Jeudi 18 février 2010 4 18 /02 /2010 22:00
Une petite brève lue aujourd'hui et qui fait bien rigoler...

Une note interne de l'Assemblée Nationale a annoncé aux parlementaires et fonctionnaires de cette noble institution que, désormais, un système de blocage empêchera toute connexion depuis l'Assemblée sur des sites pornographiques. Jusque-là, rien de bien amusant, juste une petite victoire de plus de la  pudibonderie. Car, au fond, ils sont majeurs les députés, ils peuvent bien faire ce qu'ils veulent de leurs soirées !

Là où ça devient amusant, c'est que les tribunaux commencent à être saisis de dossiers sur ce thème. Par exemple, un salarié peut-il être licencié parce qu'il regarde des sites X depuis son bureau (dans les entreprises où l'usage modéré du Net à des fins personnels est toléré) ? La société française se pose des questions biens essentielles ! Heureusement, ça change des fast-food halal, des militantes NPS voilées et tous ces autres sujets, anecdotiques, mais dont l'intelligentsia fait des montagnes et se complaît en joutesneuro-masturbatoires. Au moins, là, on parle de ces messieurs de pouvoir et de sites coquins ! C'est plus sympa... Et moins dangeureux à traiter face aux autoproclamés "penseurs libres" !

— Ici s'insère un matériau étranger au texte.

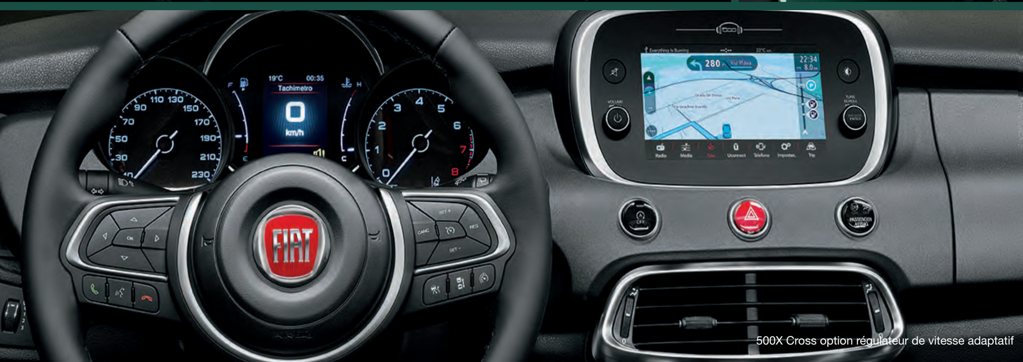
500X Cross option régulateur de vitesse adaptatif

Là où ça continue d'être marrant, c'est que, de source interne aux services de l'Assemblée, il semblerait que cette mesure ne soit prise par hasard : paraît-il qu'il y avait des "flux importants" vers ces sites. Au moins maintenant, on sait ce qu'ils font au lieu d'être dans l'hémicycle !!! (Je me moque, bien sûr, c'est connu, ils vont aussi en commissions, bien sûr) (mais pas que apparemment...)

Enfin, ils pourront toujours se connecter depuis leur blackberry ou leur iphone...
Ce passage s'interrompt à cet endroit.